──────── Material provided ────────

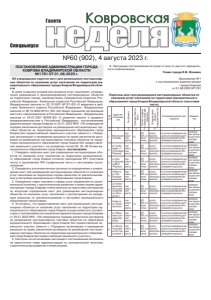 №60 (902), 4 августа 2023 г. ǺDzDZDzǸȌ ǸȜȐȞȜȐȟȘȎȭ Спецвыпуск Газета ПОСТАНОВЛЕНИЕ АДМИНИСТРАЦИИ ГОРОДА КОВРОВА ВЛАДИМИРСКОЙ ОБЛАСТИ №1781 ОТ 01.08.2023 г. Об утверждении перечня мест для размещения нестационарных объектов по оказанию услуг населению на территории муниципального образования города Ковров Владимирской области В целях создания условий для оказания услуг населению, упорядочения размещения и функционирования нестационарных объектов на территории города, руководствуясь Гражданским кодексом Российской Федерации, Земельным кодексом Российской Федерации, Федеральным законом от 25.10.2001 №137-ФЗ «О введении в действие Земельного кодекса Российской Федерации», Федеральным законом от 06.10.2003 №131-ФЗ «Об общих принципах организации местного самоуправления в Российской Федерации», Федеральным законом от 24.07.2007 №209-ФЗ «О развитии малого и среднего предпринимательства в Российской Федерации», постановлением администрации города Коврова от 25.01.2022 №91 «Об утверждении порядка заключения договоров на размещение нестационарных торговых объектов на территории муниципального образования город Ковров без предоставления земельного участка» (вместе с «Порядком организации и проведения аукциона на право заключения договоров на размещение нестационарных торговых объектов на территории муниципального образования город Ковров без предоставления земельного участка»), на основании статей 32, 35, 46 Устава муниципального образования город Ковров, постановляю: 1. Утвердить перечень мест для размещения нестационарных объектов по оказанию услуг населению на территории муниципального образования город Ковров согласно приложению №1 (текстовая часть) и приложению №2 (графическая часть) к настоящему постановлению. 2. Определить уполномоченным органом по определению и утверждению мест для размещения нестационарных объектов по оказанию услуг населению на территории города комиссию по землепользованию и застройке муниципального образования город Ковров. 3. Определить отдел торговли и сферы услуг управления по экономической политике, стратегическому развитию и инвестициям администрации города Коврова ответственным за подготовку материалов по вопросам определения мест для размещения нестационарных объектов по оказанию услуг населению к рассмотрению на заседаниях комиссии по землепользованию и застройке муниципального образования город Ковров. 4. Установить, что предоставление мест для размещения нестационарных объектов по оказанию услуг населению на территории муниципального образования город Ковров осуществляется в соответствии с положениями постановления администрации города Коврова от 25.01.2022 №91 «Об утверждении порядка заключения договоров на размещение нестационарных торговых объектов на территории муниципального образования город Ковров без предоставления земельного участка» (вместе с «Порядком организации и проведения аукциона на право заключения договоров на размещение нестационарных торговых объектов на территории муниципального образования город Ковров без предоставления земельного участка»). 5. Контроль за исполнением настоящего постановления возложить на заместителя главы администрации по экономической политике, стратегическому развитию и инвестициям. 6. Настоящее постановление вступает в силу со дня е
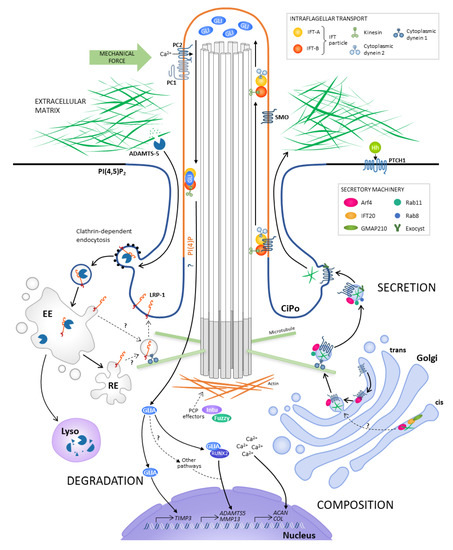 Another crucial process involved in the maintenance of ECM homeostasis is the degradation of matrix macromolecules in response to changes in the extracellular environment. For example, this process is essential in the migration of cells and remodelling in response to mechanical loads, enabling adaptation of the mechanical properties of the tissue. The main mechanism by which matrix components are degraded is through the actions of proteases, specifically metalloproteinases. The cilium and periciliary membrane domain have been linked to the regulation of the expression and activity of these enzymes in a number of ways, as discussed below.
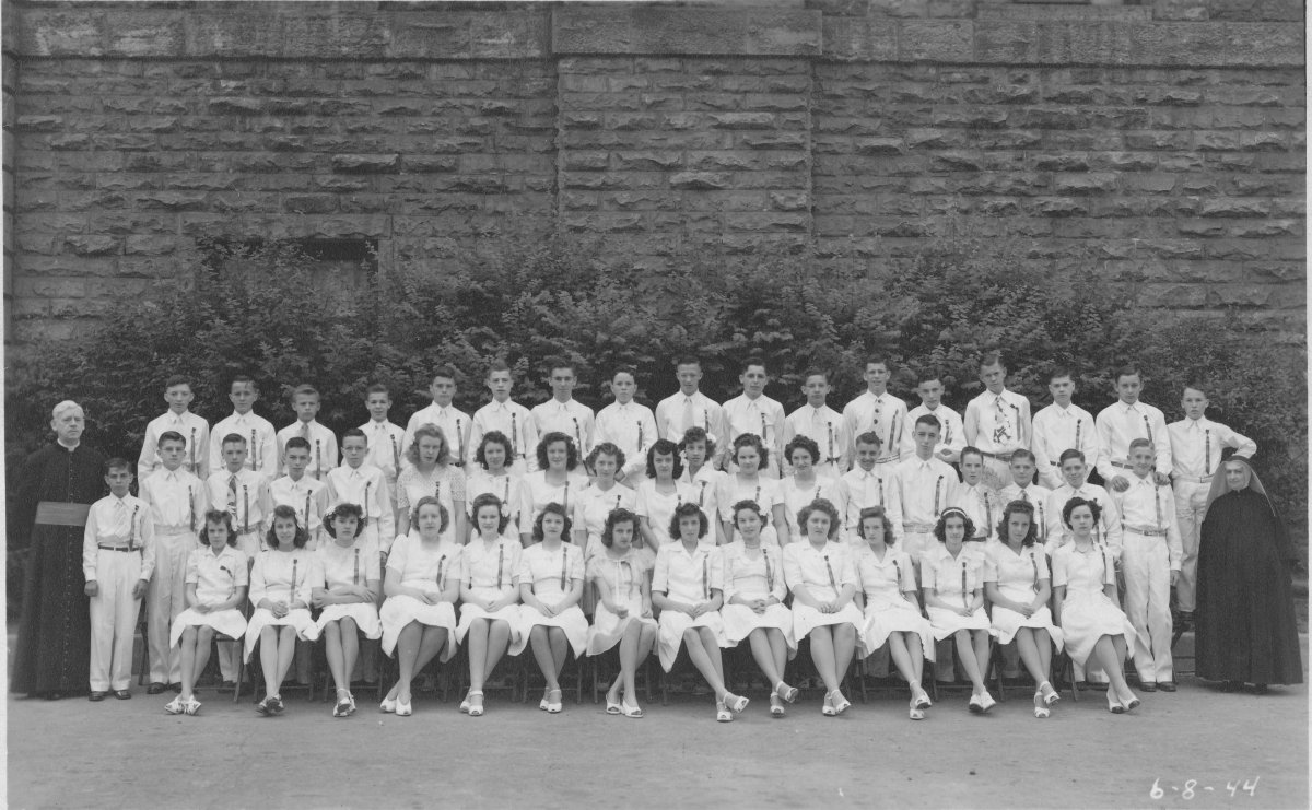 This image is of the 8th grade class of St Raphael's Catholic school in 1944. Robert Mayville Jr. is the fifth little boy from the left in the second row.

────────

Write out the material above once more, exactly as it reads, with no pictures.

 №60 (902), 4 августа 2023 г. ǺDzDZDzǸȌ ǸȜȐȞȜȐȟȘȎȭ Спецвыпуск Газета ПОСТАНОВЛЕНИЕ АДМИНИСТРАЦИИ ГОРОДА КОВРОВА ВЛАДИМИРСКОЙ ОБЛАСТИ №1781 ОТ 01.08.2023 г. Об утверждении перечня мест для размещения нестационарных объектов по оказанию услуг населению на территории муниципального образования города Ковров Владимирской области В целях создания условий для оказания услуг населению, упорядочения размещения и функционирования нестационарных объектов на территории города, руководствуясь Гражданским кодексом Российской Федерации, Земельным кодексом Российской Федерации, Федеральным законом от 25.10.2001 №137-ФЗ «О введении в действие Земельного кодекса Российской Федерации», Федеральным законом от 06.10.2003 №131-ФЗ «Об общих принципах организации местного самоуправления в Российской Федерации», Федеральным законом от 24.07.2007 №209-ФЗ «О развитии малого и среднего предпринимательства в Российской Федерации», постановлением администрации города Коврова от 25.01.2022 №91 «Об утверждении порядка заключения договоров на размещение нестационарных торговых объектов на территории муниципального образования город Ковров без предоставления земельного участка» (вместе с «Порядком организации и проведения аукциона на право заключения договоров на размещение нестационарных торговых объектов на территории муниципального образования город Ковров без предоставления земельного участка»), на основании статей 32, 35, 46 Устава муниципального образования город Ковров, постановляю: 1. Утвердить перечень мест для размещения нестационарных объектов по оказанию услуг населению на территории муниципального образования город Ковров согласно приложению №1 (текстовая часть) и приложению №2 (графическая часть) к настоящему постановлению. 2. Определить уполномоченным органом по определению и утверждению мест для размещения нестационарных объектов по оказанию услуг населению на территории города комиссию по землепользованию и застройке муниципального образования город Ковров. 3. Определить отдел торговли и сферы услуг управления по экономической политике, стратегическому развитию и инвестициям администрации города Коврова ответственным за подготовку материалов по вопросам определения мест для размещения нестационарных объектов по оказанию услуг населению к рассмотрению на заседаниях комиссии по землепользованию и застройке муниципального образования город Ковров. 4. Установить, что предоставление мест для размещения нестационарных объектов по оказанию услуг населению на территории муниципального образования город Ковров осуществляется в соответствии с положениями постановления администрации города Коврова от 25.01.2022 №91 «Об утверждении порядка заключения договоров на размещение нестационарных торговых объектов на территории муниципального образования город Ковров без предоставления земельного участка» (вместе с «Порядком организации и проведения аукциона на право заключения договоров на размещение нестационарных торговых объектов на территории муниципального образования город Ковров без предоставления земельного участка»). 5. Контроль за исполнением настоящего постановления возложить на заместителя главы администрации по экономической политике, стратегическому развитию и инвестициям. 6. Настоящее постановление вступает в силу со дня е
 Another crucial process involved in the maintenance of ECM homeostasis is the degradation of matrix macromolecules in response to changes in the extracellular environment. For example, this process is essential in the migration of cells and remodelling in response to mechanical loads, enabling adaptation of the mechanical properties of the tissue. The main mechanism by which matrix components are degraded is through the actions of proteases, specifically metalloproteinases. The cilium and periciliary membrane domain have been linked to the regulation of the expression and activity of these enzymes in a number of ways, as discussed below.
 This image is of the 8th grade class of St Raphael's Catholic school in 1944. Robert Mayville Jr. is the fifth little boy from the left in the second row.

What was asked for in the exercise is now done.